The Travels of Wiglington and Wenks is originally a series of story books for children, written by John Bittleston and Eliza Quek in 1987, which was later adapted into an online virtual world for children.

==Book series==
There are four books in the series: The Legacy: London and Paris , The Chase: Venice and Rome, The Crossroads: Istanbul and Turkey, and The Malta Connection: Malta and Singapore. They tell the story of two water rats from Hampshire who travel the world in search of their heritage. The books are illustrated by Lee Kowling.

==Virtual world==
The Travels of Wiglington and Wenks Virtual World was officially launched on Christmas Eve 2009. The site says that "Some of the features players can experience in the game are building and designing culture-inspired houses, owning exotic islands, throwing parties, performing a range of cool actions, adopting unique pets, wearing clothes from different countries, meeting famous people from the past and present and visiting famous landmarks around the world." By March 1, the number of registered users reached more than 80,000 from 150 countries.

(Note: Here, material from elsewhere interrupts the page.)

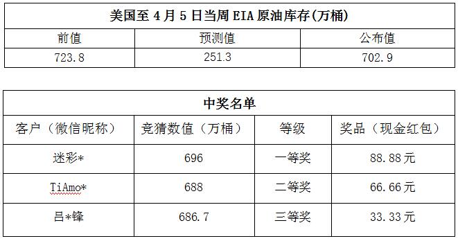 2019年4月第2期“EIA大竞猜”活动中奖公告

It was nominated one of the top five virtual worlds for kids out of 40 other virtual worlds in the Readers' Choice Awards conducted by About.com and came in second after Webkinz. The other three virtual worlds nominated for the top five positions were Club Penguin, Chobots and Webosaurs. Wiglington and Wenks grew, added new features, and billed itself as "the world's most massive virtual world for kids". The world contained over 100 different locations, more than 50 games and a vast amount of information on historical people, animals, plants, inventions, items, architectures and countries. However, the world is currently closed indefinitely due to lack of funds.

The virtual world was developed by Swag Soft - an app development company based in Singapore.